◆ What is expected
Every line from the opening of the records to the line with "For dinner we" should be restated exactly, with both ends included and the pictures left out.

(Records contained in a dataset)
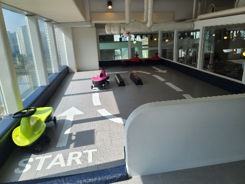 그 미끄럼틀을 내려오면 모션 게임을 할 수 있는 곳이 있다
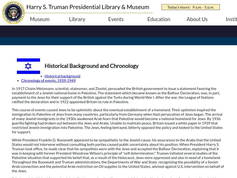 Harry S. Truman Library: The U. S. Recognizes Israel: Historical Background
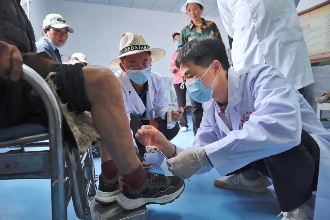 7月12日,在四川省甘孜藏族自治州稻城县吉呷镇东义区中心卫生院内,来自北京市的专家在用火针为村民进行治疗。
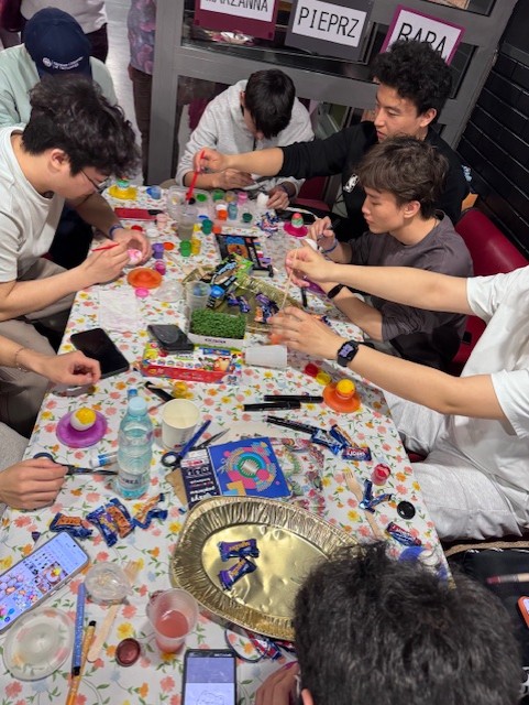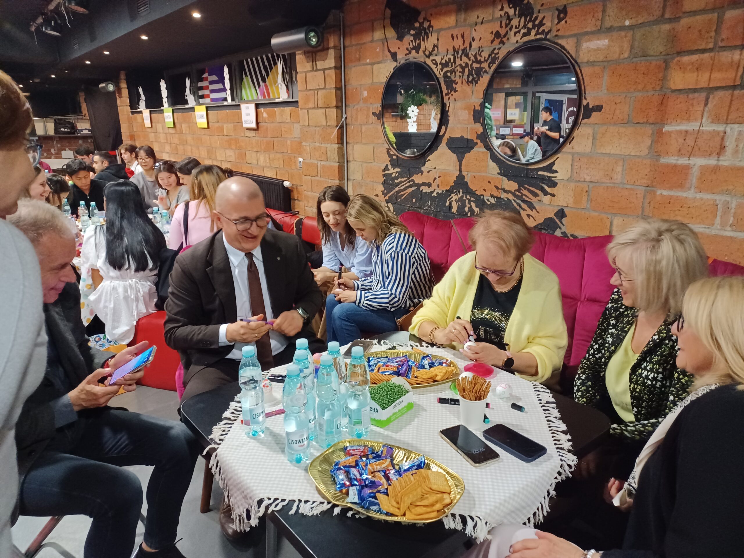 Tradycyjnie podczas międzynarodowego spotkania wielkanocnego wszyscy wspólnie dekorowali świąteczne stoły, przygotowywali koszyki i ozdabiali pisanki. Nie zabrakło konkursów i quizów na temat polskich zwyczajów świątecznych i tradycji oraz jak zwykle atrakcyjnych nagród dla zwycięzców. Lektorki języków obcych, które na co dzień uczą studentów z zagranicy języka polskiego zadbały, by przy okazji świątecznego spotkania utrwalili kilka polskich zwrotów czy słówek. Uczestnicy mogli także delektować się świątecznymi potrawami takimi jak żurek czy sernik. Jak zwykle dopisały humory, a atmosfera była pełna życzliwości i śmiechu. To już VI Międzynarodowe Spotkanie Wielkanocne, które zostało zorganizowane przez Studium Języków Obcych we współpracy z Centrum Obsługi Studiów i Działem Współpracy z Zagranicą - Sekcją Wymiany Międzynarodowej.
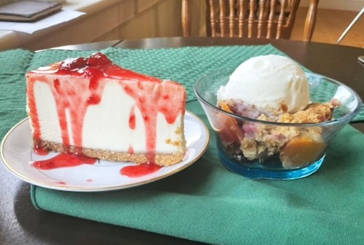 For dinner we decided to eat at the lodge. The meal plan includes dinner and breakfast the next morning for $45 plus tax/tip/beverage. Our table overlooked a garden where we watched the hummingbirds dining, sipping the sweet nectar of the nearby phlox. For me I had an appetizer of spinach dip and naan bread, Norm had seafood chowder. Main courses were broccoli salad, smashed potatoes and a stuffed Portobello mushroom for me, and for Norm … Beef Bourginnon, Caesar salad and smashed potatoes. Dessert was strawberry NY cheesecake and berry crisp. So very filling!
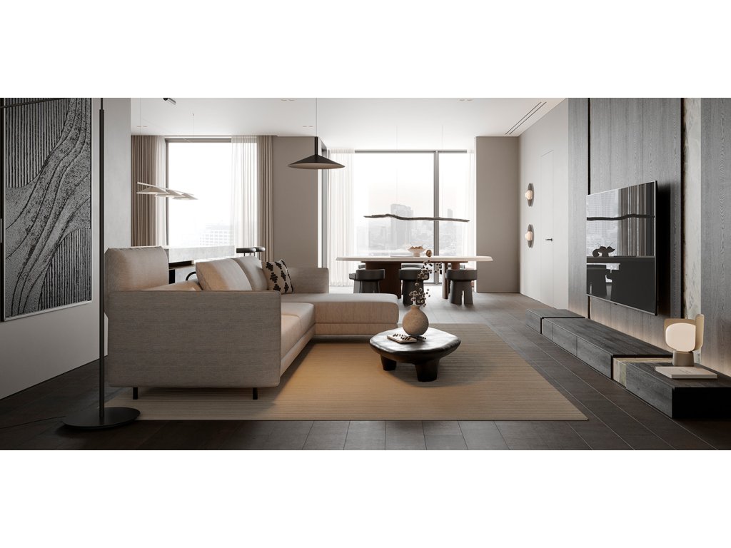 - Otoman rozvíjí vizuální koncept do větší, pohodlnější sestavy a přidává využitelnou plochu pro relax i spaní.
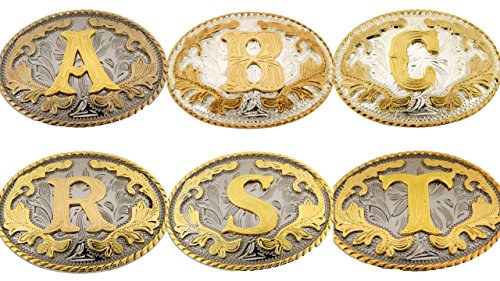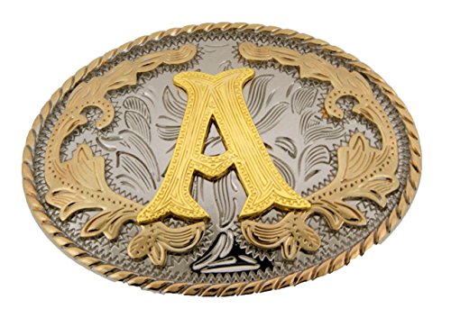 Initial Belt Buckle Cowboy Unisex Western Rodeo Cowgirl (A, Gold Silver Two Tone Oval Regular)

◆ Response box
 그 미끄럼틀을 내려오면 모션 게임을 할 수 있는 곳이 있다
 Harry S. Truman Library: The U. S. Recognizes Israel: Historical Background
 7月12日,在四川省甘孜藏族自治州稻城县吉呷镇东义区中心卫生院内,来自北京市的专家在用火针为村民进行治疗。
 Tradycyjnie podczas międzynarodowego spotkania wielkanocnego wszyscy wspólnie dekorowali świąteczne stoły, przygotowywali koszyki i ozdabiali pisanki. Nie zabrakło konkursów i quizów na temat polskich zwyczajów świątecznych i tradycji oraz jak zwykle atrakcyjnych nagród dla zwycięzców. Lektorki języków obcych, które na co dzień uczą studentów z zagranicy języka polskiego zadbały, by przy okazji świątecznego spotkania utrwalili kilka polskich zwrotów czy słówek. Uczestnicy mogli także delektować się świątecznymi potrawami takimi jak żurek czy sernik. Jak zwykle dopisały humory, a atmosfera była pełna życzliwości i śmiechu. To już VI Międzynarodowe Spotkanie Wielkanocne, które zostało zorganizowane przez Studium Języków Obcych we współpracy z Centrum Obsługi Studiów i Działem Współpracy z Zagranicą - Sekcją Wymiany Międzynarodowej.
 For dinner we decided to eat at the lodge. The meal plan includes dinner and breakfast the next morning for $45 plus tax/tip/beverage. Our table overlooked a garden where we watched the hummingbirds dining, sipping the sweet nectar of the nearby phlox. For me I had an appetizer of spinach dip and naan bread, Norm had seafood chowder. Main courses were broccoli salad, smashed potatoes and a stuffed Portobello mushroom for me, and for Norm … Beef Bourginnon, Caesar salad and smashed potatoes. Dessert was strawberry NY cheesecake and berry crisp. So very filling!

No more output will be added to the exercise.